Tuesday, August 07, 2007

Asagaya Tanabata Festival - Part 1

Asagaya JR station during the tanabata festival. As always, click on the smaller image here for a bigger one in which you can see better detail.

If you follow any other Japan blogs, you'll see that summer is the time for festivals of all flavors and types. It's the time when all the little sub-sections of all the little sub-cities that make up Tokyo concoct their own unique take on festivals in order to drum up business for local merchants. That's not meant to sound cynical. It's simply meant to be a realistic assessment of why any "town" would run a week-long "festival" which consists mainly of merchants lining the front of their shops with seasonal food and goods.

In our local neighborhood, Asagaya, the big annual event is "tanabata". Tanabata is a strange (non-National) holiday in Japan because it seems to have no localized time frame. Any area can celebrate any time it wants between July and September. In Asagaya, this is always August and generally starts from the first weekend. The "festival" runs for an entire week.

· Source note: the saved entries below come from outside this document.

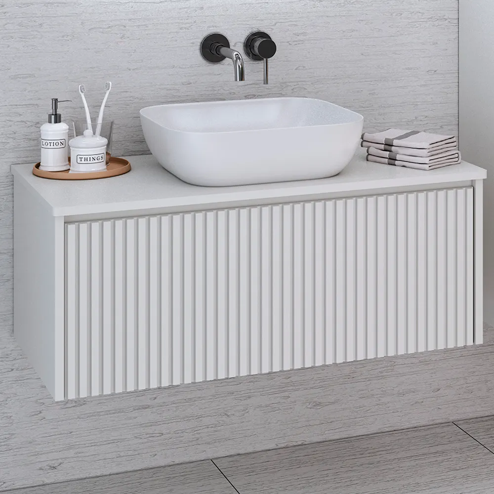 Новая коллекция MONACO гармонично впишется как в классический, так и минималистический стиль. Акцентной деталью данной серии является рифленый фасад, который придает внешнему виду мебели глубины и ритмичности, а также оказывает завораживающие и умиротворяющее действие. Объемный рисунок на фронтальной части зрительно вытягивает помещение и делает интерьер ванной комнаты более фактурным, динамичным и самобытным. Коллекция выпускается в трех трендовых цветах: белый софт, аквамарин и графит. Покрытие в пленке ПВХ с эффектом Soft Thach – гладкое и матовое по внешнему виду, мягкое и бархатное на ощупь, сегодня очень популярно среди дизайнеров. Благодаря универсальному отверстию на столешнице тумба может комплектоваться различными вариантами накладных раковин всевозможных форм, цветов и размеров. Дополнить комплект тумбы с раковиной и шкаф-пенала можно зеркалом с LED-подсветкой из нашего большого ассортимента ТМ Aqua de Marco. Фасад ящика на подвесной тумбе MONACO 90см /белый софт/ открывается с помощью механизма Push-to-open. Выдвижной ящик изготовлен из ЛДСП дуб Крафт белый (Кроношпан) толщиной 1см и оснащен направляющими скрытого монтажа, благодаря чему смотрится легко и стильно.
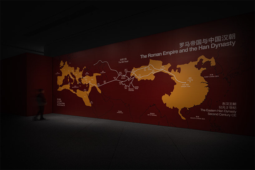 The first foor of the museum hosts an introductory film that explains the importance of the National Archaeological Museum of Naples and a pair of Aphrodite sculptures that set the tone of the exhibition. Moving on to the upper levels, visitors find a chronology and mapping of the Roman Empire that follows that of the Han Dynasty, highlighting the fundamental importance of culture and beauty within civilizations and the importance of their exchange.
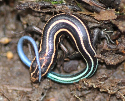 ・幼体は縞模様があり、尾は鮮やかな青色をしている。
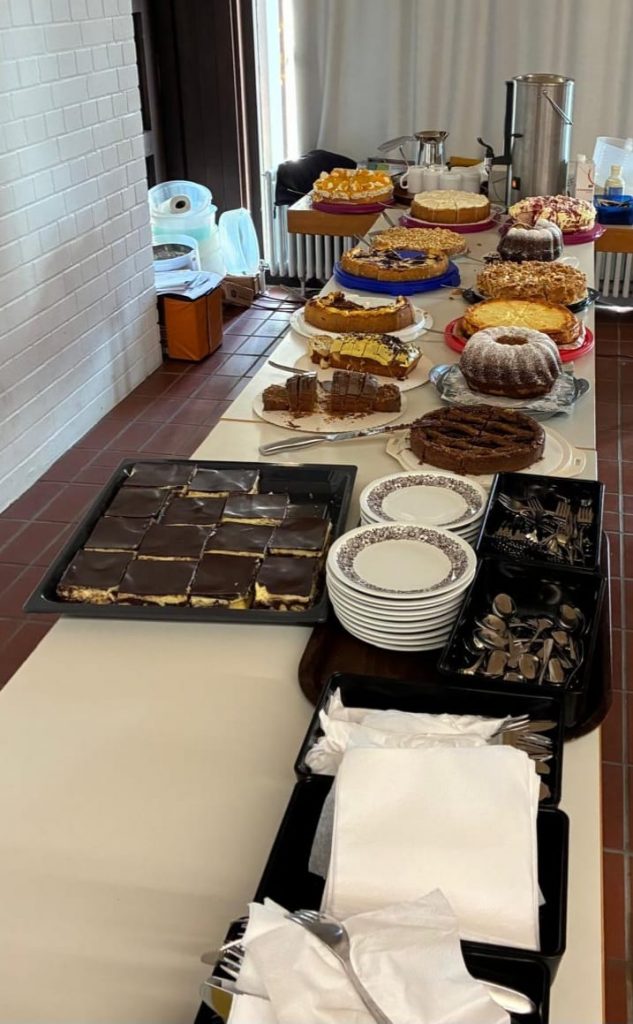 Bei der anschließenden Siegerehrung im Foyer der Halle konnten die Jungs aus Durlach-Aue unter dem Jubel der zahlreichen Zuschauer den Pokal und einen Geldpreis für die beste Leistung bei diesem Turnier in Empfang nehmen. Auch die nächstplatzierten Mannschaften erhielten Geldpreise und den Applaus der Anwesenden. Beim anschließenden gemütlichen Ausklang wurden manche Freundschaften aufgefrischt und der Zusammenhalt unter den „älteren“ Herren gestärkt. Die Helfer(innen) aus unserer AH hatten in der Küche, am Buffet und am Zapfhahn einige Arbeit. Herzlichen Dank an Alle, die mit dazu beigetragen haben, dass es ein gelungenes Turnier wurde. Die Spieler und unsere Gäste hatten den ganzen Nachmittag die Auswahl am großen Kuchenbuffet, Schnitzel mit Kartoffelsalat, sowie anderen Speisen aus der AH-Küche.
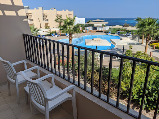 Read moreThe apartments are very spacius, the reception and breakfast area are also very spacious too. There is a room with a big TV for watching sports/films too, which is excellent and comfortable. The pool area has plenty of loungers for many families.||||Incredible views over the Red Sea when you open your curtains in the morning. Balcony is excellent for a lovely morning view. Food at breakfast is fine, the only downside was minimal wifi in the rooms, had to be in reception to get a strong signal. ||||The apartments are atop of a big hill. There is a Tuk-Tuk, driven by super friendly staff members who will pick you up from the security gates down at the road and bring you up to the hotel, which is very handy. They will also take you down to and back from the private beach for the Sky View...

The story behind Tanabata is well-told in the Wikipedia entry I linked to in the previous paragraph but the short version is that it's a story of star-crossed lovers. Every culture seems to embrace their own flavor of these types of stories. The details are different but the overall story is the same. Two people fall in love but their families for one reason or another forbid their love and their story ends in sadness or tragedy. The end of the story in Japan is that the lovers get to meet once a year when two stars meet in the sky. The star aspect is just about the only element of the story behind Tanabata which actually gets incorporated into the festivals. It's relatively common to see stars used as decorative elements. Other than that, you rarely encounter anything related to the lore during the festival.


Kids (and sometimes adults) write wishes on scraps of paper and attach them to bamboo branches as part of the holiday. You see these branches everywhere at this time of year and they aren't always incorporated into a festival. I used to see them at Nishi-Shinjuku station when my office was located there. Most of the time, the wishes are just on slips of paper but the ones around Asagaya station are written on colorful star-shaped papers.


The funny thing to me is that the idea of wishing upon a star, like the star-crossed lover story, is something that occurs across cultures. It really does make you wonder if Jung's theory of the collective unconscious was right or if we all have underlying mental mechanisms which lead us all down similar mental pathways, but that's a post for another time.


The Asagaya festival is held along an absolutely huge (and impressive) shopping street. The map I scanned in above (which definitely is better if you look at it in full size by clicking on the small version above) shows the names of the shops along the street. The street is so jam-packed with stores that the map had to be cut in half to fit on the flyer. The top and bottom have to be placed end-to-end in order to truly see how many shops are along this stretch. I can say without hesitation that I believe this is one of the best local shopping streets in Tokyo because of the variety and convenience.

I'm not that well-versed in Japanese anime and mascot characters so I don't know what that white bird is but I think the little fellow on the yellow blob in the center may be a Dragon Ball Z cartoon character.

Local merchants spend weeks preparing for the festival by making large wire-frame, papier mache figures which they suspend in front of their shops. If you come home from work in the evening from JR Asagaya station and travel along the street to get home pre-festival, you often see these figures lying on the ground being worked on after the shops have closed. Back when I was still taking JR (and working full-time), I used to look at the progress of these bits of artwork and try and figure out as early as possible what they were going to be in the end. It was like a game where you started with the barest hint as a clue and got better clues as time went by.

The festival is huge and allows one a chance to see Japanese summer merrymaking in a way which is enlightening about the culture and endearing. It's an interesting reflection of traditional and modern tastes and behaviors that you cannot look at and start pointing fingers at the oppressive influence of western culture upon Japan. Most of the foods and items that are sold are chosen by average people running little local shops who are hoping to profit by appealing to the appetites of their average customers, not monolithic chains like McDonald's or Starbucks cramming western tastes into Japanese souls. In essence, this is a slice of the "real" modern Japan.